Tapestry's goal lies in "using opera to tell the stories that need to be told," and its greatest strength lies in the stories and ideas it presents. The new pieces only fail when they diverge from story, instead focusing on treating contemporary opera as a novelty or joke. Hotel Lobby (Ardal and Williams) is a promising take on Noel Coward's Private Lives, but would clearly benefit from more time and space; hearing characters curse each other out operatically in contemporary language is funny but the joke feels a bit cheap. The closing moment of emotional connection saves the piece. Ashes, by Hayter and Habibi, goes the other direction and gives the weight of an overwrought five-hour opera to its five-minute vignette, an adaptation of a moment in Hamlet. It's a little too heavy for its time and space, and it feels like it's trying to be old-fashioned opera in contemporary opera's clothing. It seemed almost like satire, but the intent was serious. These missteps are few and far between, however, and after all, this is a learning experience for everyone involved.
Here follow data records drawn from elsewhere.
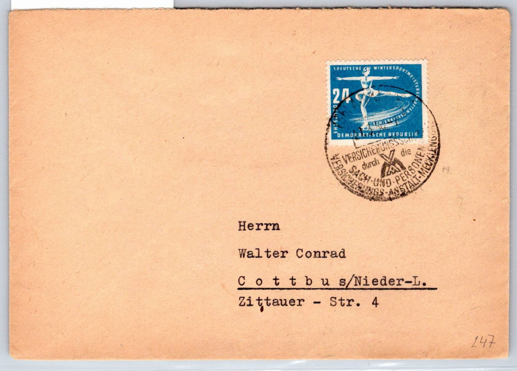 24 Pfennig "Wintersportmeisterschaften" als portogerechte Einzelfrankatur auf Fernbrief von Anklam am 21.03.50 nach Cottbus gelaufen .
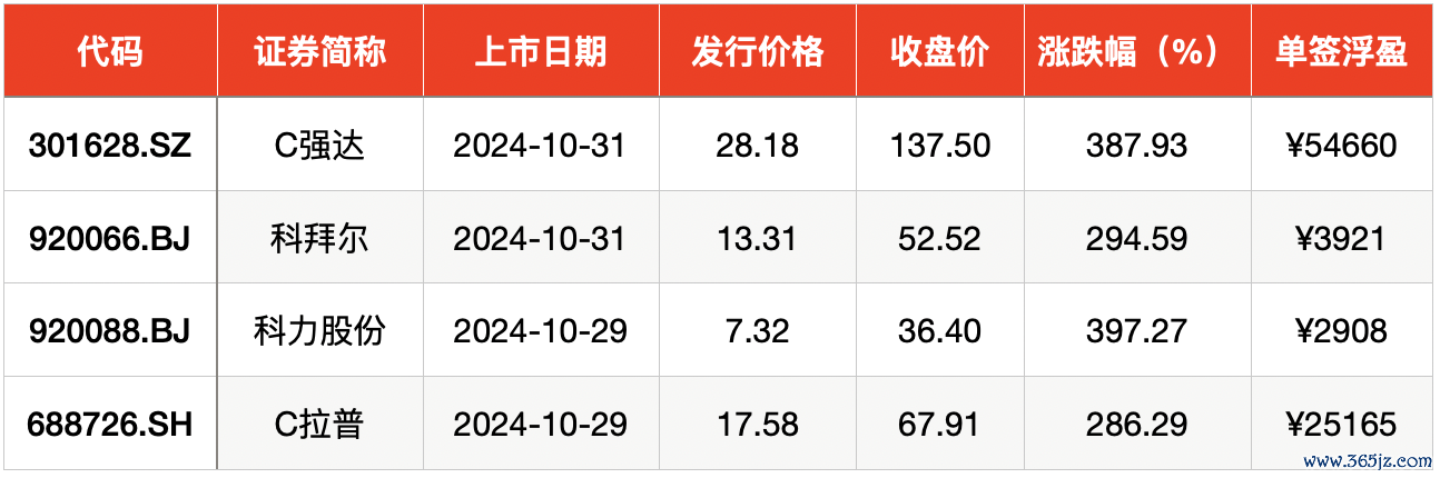 10月31日,科拜尔在北交所上市,发行价格为13.31元/股。截至上市首日收盘,该股报52.52元,上涨294.59%。以收盘价计算,投资者中一签浮盈高达3921元。
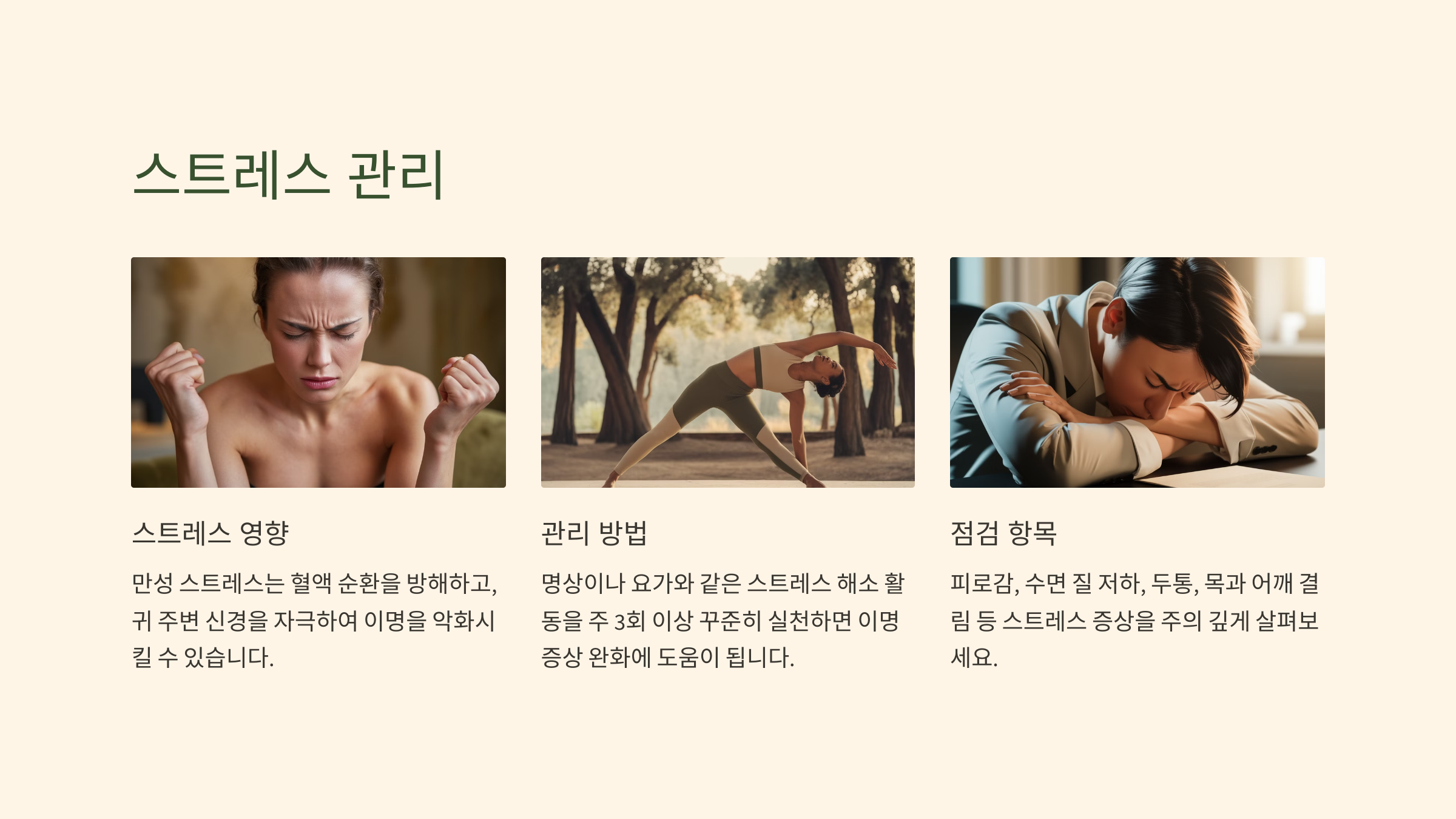 A3. 스트레스는 귀 주변 신경을 자극하고 혈액 순환을 방해하여 이명 증상을 유발할 수 있습니다. 규칙적인 명상과 요가로 스트레스를 관리하세요.
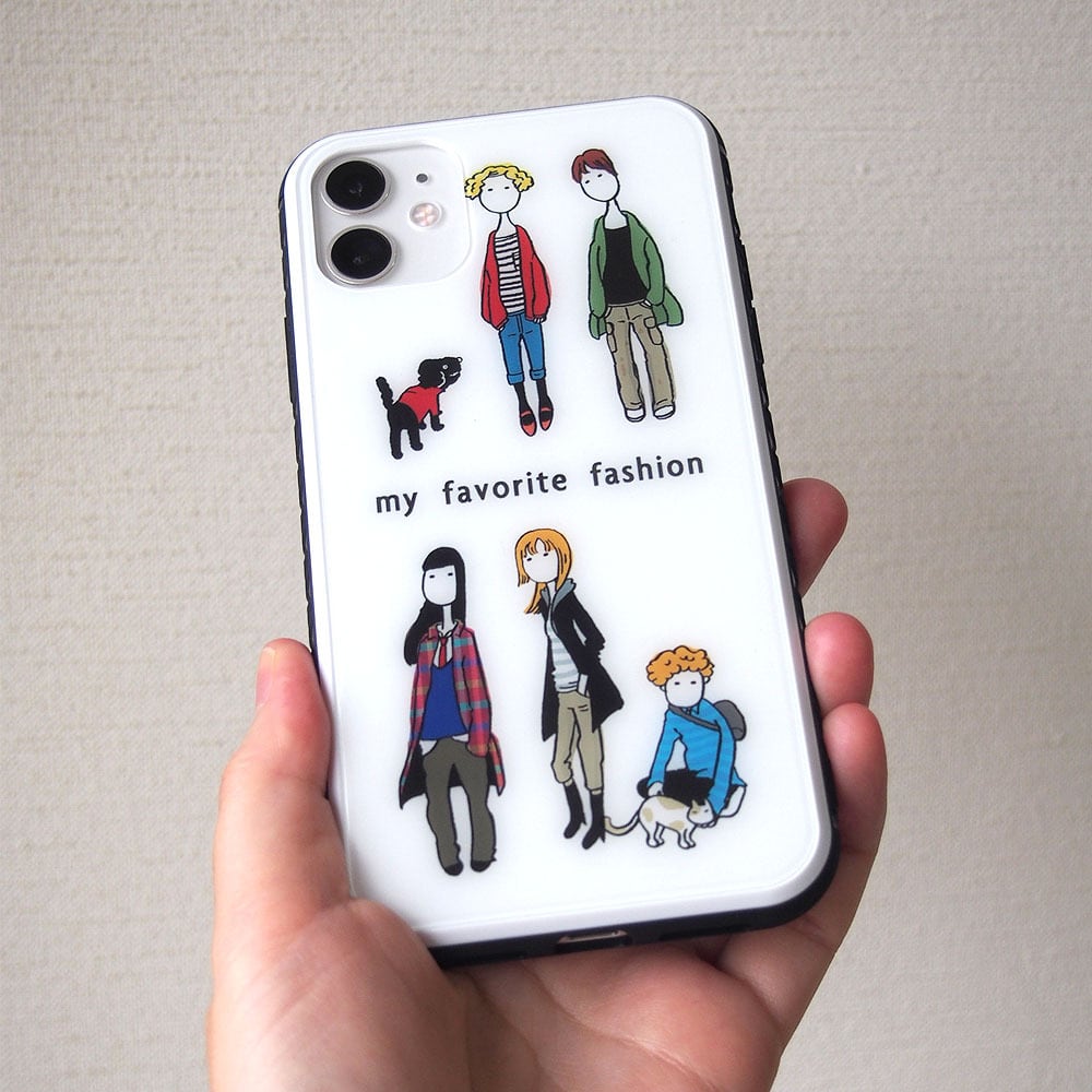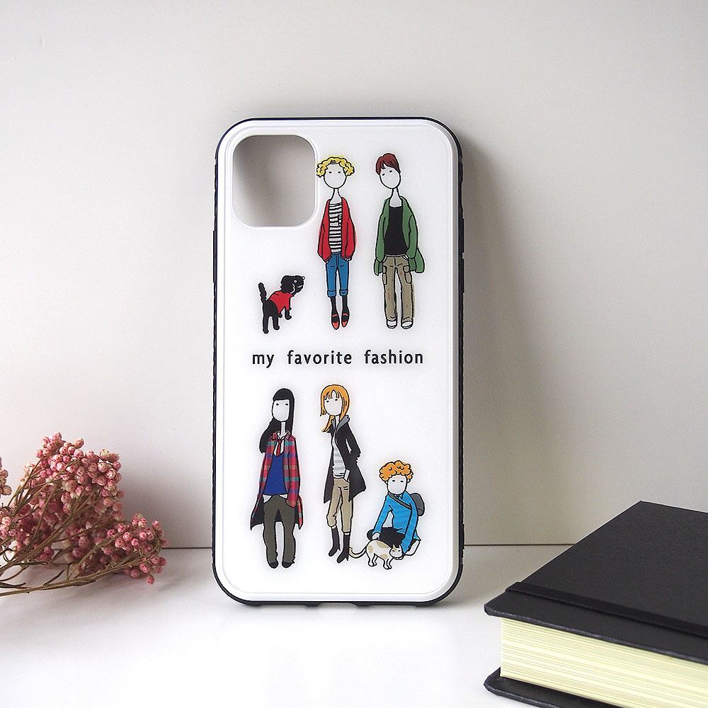 お気に入りのファッションイラストの強化ガラスのスマホケース。
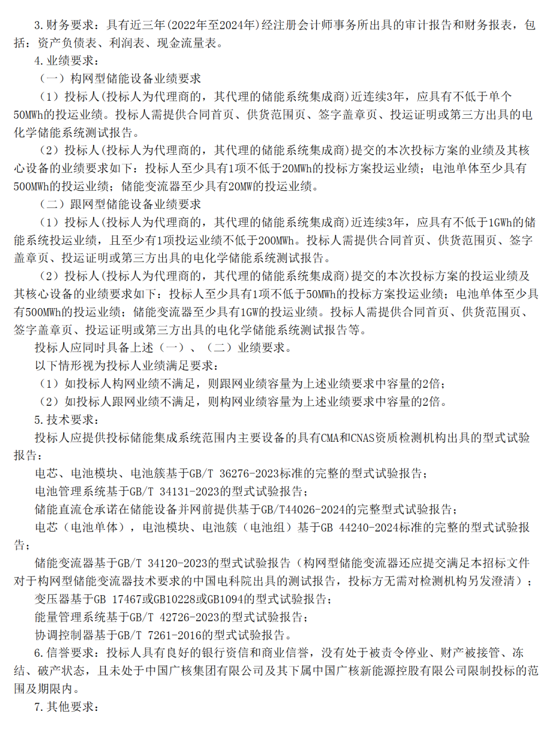 跟网型储能方面,近连续3年,应具有不低于1GWh的储能系统投运业绩,且至少有1项投运业绩不低于200MWh。本次投标方案的投运业绩及其核心设备的业绩要求如下:投标人至少具有1项不低于50MWh的投标方案投运业绩;电池单体至少具有500MWh的投运业绩;储能变流器至少具有1GW的投运业绩。
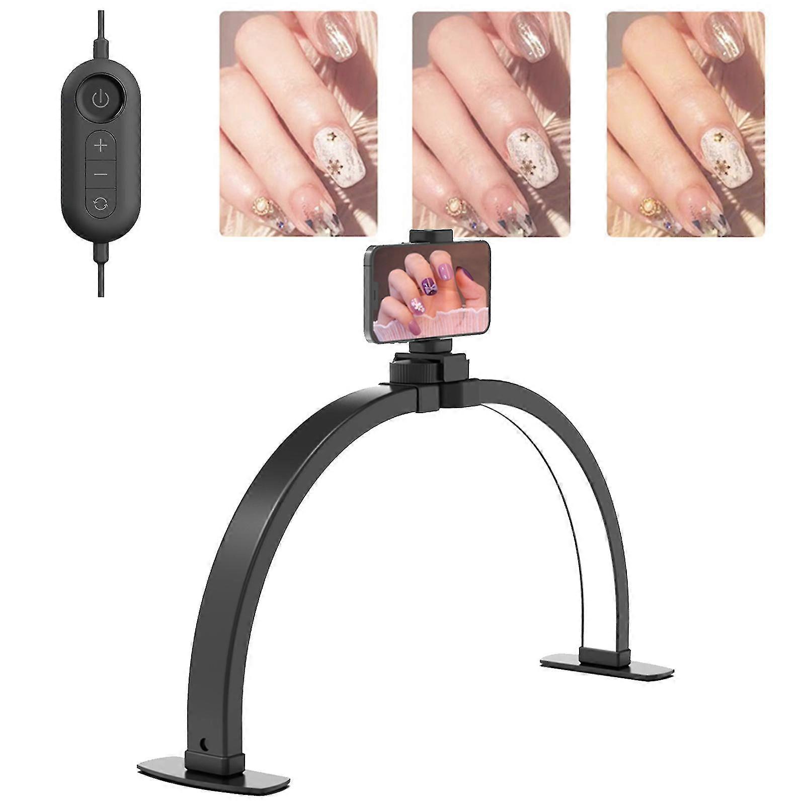 Foldable Half Moon Light for Nail Desk, 29 Inch Led Nail Tech Desk Lamp, Half Moon Table Lamp with Phone Holder, Esthetician Lash Light for Eyelash Ex
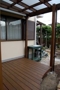 明日には、ベンチを2台作成し設置すれば完成です。お客様には「もう一つお部屋が出来た感じ」と喜んで頂いております。家庭菜園でとれたトマトなどの野菜などをここで洗って丸かぶり。なんて事もできそうです。(ちょっと季節が違いましたね。トマトは来年のお楽しみです。なんなら、冬野菜のほうれん草の丸かぶり、は無理矢理ですね。)
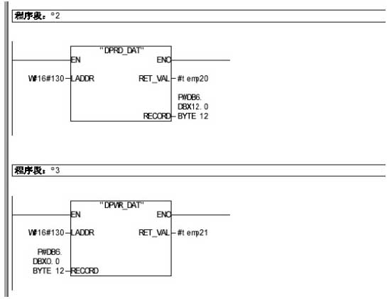 通过Drive ES Basic V5.1软件对变频器进行参数设置, 在周期性的通讯中,Profibus-DP使用PPO(对象过程类)类型作为数据传递的格式。它有5种PPO类型,根据信息量大小选择PPO类型,其报文中有用数据为PKW和PZD,PKW为参数识别值区,最多4个字,主要是读写参数 ,PZD为过程数据区,最多10个字,如:电流、速度的设定和反馈值等,主要是设定值和状态值。本条线采用的是PPO2类型,使参数P060=2,并存储在EEPROM中,参数便恢复到缺省值(工厂设定值),此后便可根据现场和工艺要求设定各装置参数。主要参数为P100控制模式, P101电机额定电压,P102电动机的额定电流,P107电动机的额定频率Hz,P108电动机的额定速度,以及各种工艺参数的选择设置等,参数P734与数据块DB建立数据连接,P918变频器地址等设定,然后下载到相应变频器,这样PLC就可以与变频器建立通讯链接,本例是在STEP7中的OB1组织块中调用SFC14“DPRD_DAT”、SFC15“DPWR_DAT”系统功能块同变频器进行读、写数据交换,梯形图如下。
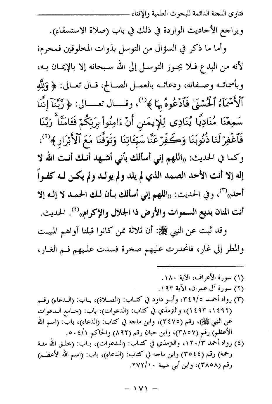 وأما ما ذكر في السؤال من التوسل بذوات المخلوقين فمحرم؛ لأنه من البدع فلا يجوز التوسل إلى الله سبحانه إلا بالإيمان به، وبأسمائه وصفاته، ودعائه بالعمل الصالح، قال تعالى: {وَلِلَّهِ الْأَسْمَاءُ الْحُسْنَى فَادْعُوهُ بِهَا} (¬1) ، وقال تعالى: {رَبَّنَا إِنَّنَا سَمِعْنَا مُنَادِيًا يُنَادِي لِلْإِيمَانِ أَنْ آمِنُوا بِرَبِّكُمْ فَآمَنَّا رَبَّنَا فَاغْفِرْ لَنَا ذُنُوبَنَا وَكَفِّرْ عَنَّا سَيِّئَاتِنَا وَتَوَفَّنَا مَعَ الْأَبْرَارِ} (¬2) ، وكما في الحديث: «اللهم إني أسألك بأني أشهد أنك أنت الله لا إله إلا أنت الأحد الصمد الذي لم يلد ولم يولد ولم يكن له كفوا أحد (¬3) » وفي الحديث: «اللهم إني أسألك بأن لك الحمد لا إله إلا أنت المنان بديع السماوات والأرض ذا الجلال والإكرام (¬4) » الحديث.
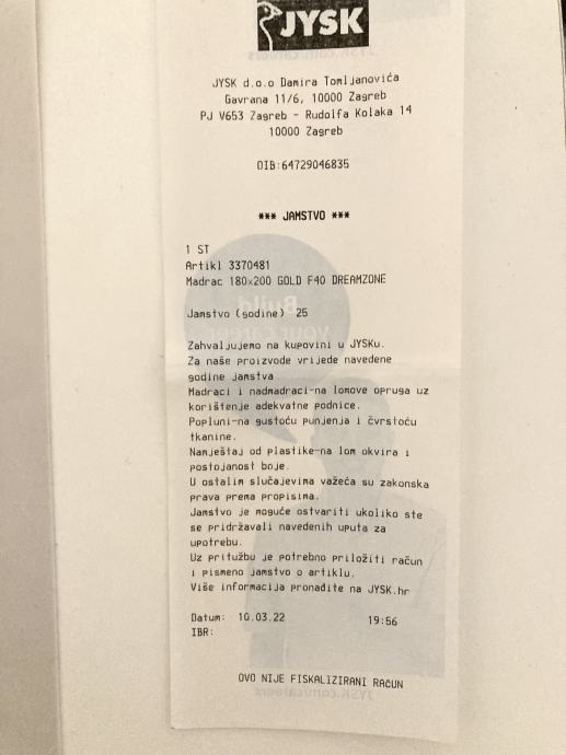 Madrac kupljen u JYSKU u ožujku 2022.g. Vrlo mekan i udoban madrac. Visina madraca je 20cm. Zapakiran u foliju, spreman za transport.
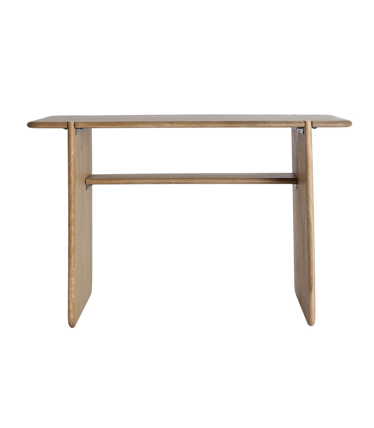 Escritorio Gaillac de estilo nórdico, fabricado en madera de mango en color marrón claro. Producto desmontable.
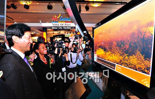 오세훈 서울시장과 안나 티바이쥬카 UN Habitat의장등 주요 인사들이 전시장을 둘려보고 있다.
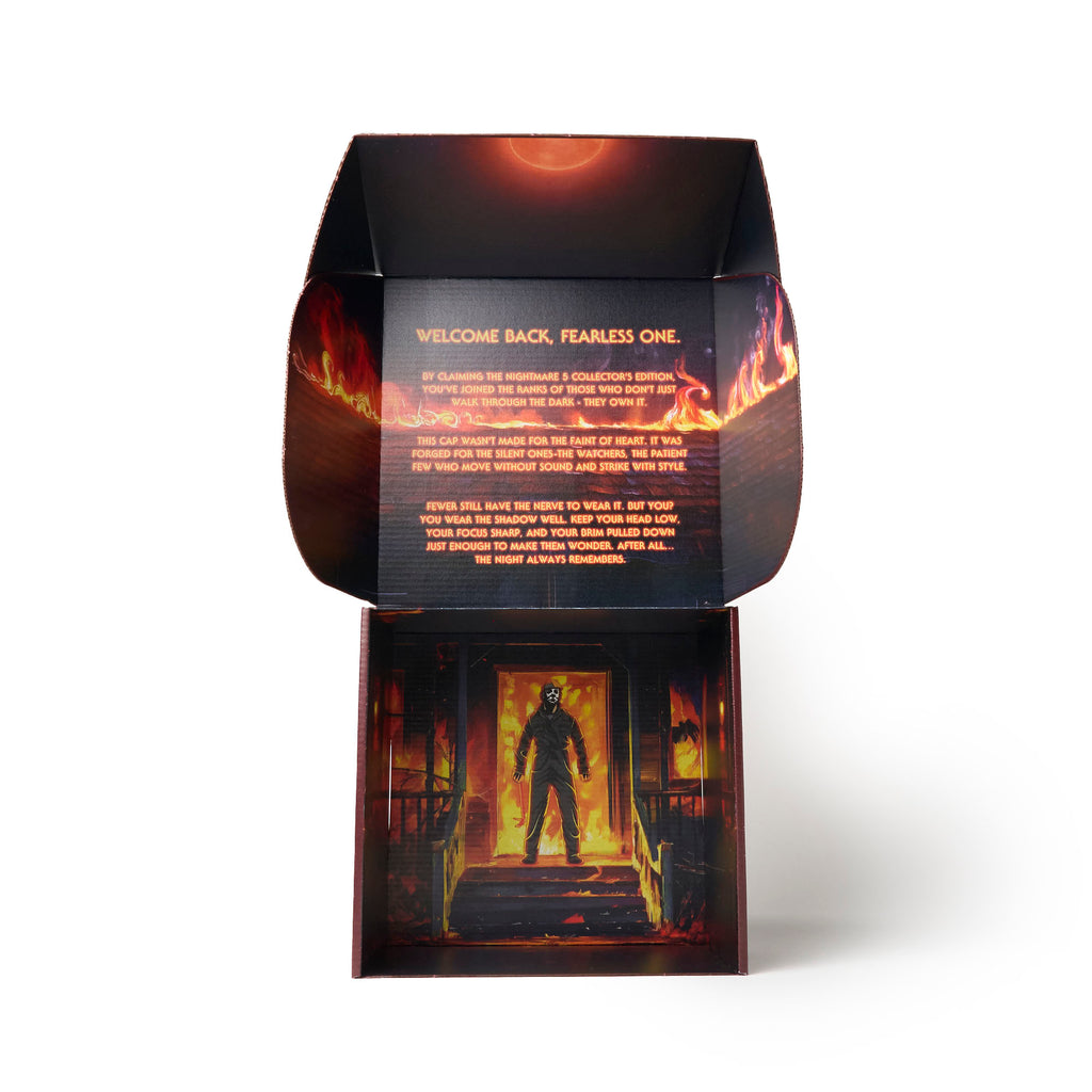 The ‘Nightmare 5’ is a collector’s edition 8-panel patchwork for true horror fans. Dark, textured panels in shades of brown, canvas blue, and black meet a blood-stained white brim, while the lining reveals a haunting logo of the masked figure walking from a nearby house engulfed in flames.
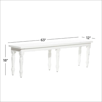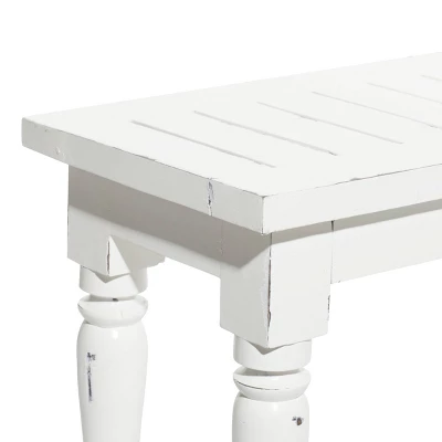 - •Wooden bench features a distressed white finish

I have always been more enamoured of musical theatre than opera, but Tapestry is going a long way to change my mind. With the triple threat of relevance, beauty, and wit in their arsenal, perhaps it's time to shelve images of hats with horns and viking shields, and settle in to watch an opera about missing the bus. I know I'll certainly be volunteering again, because I don't want to miss anything this vital company has to offer.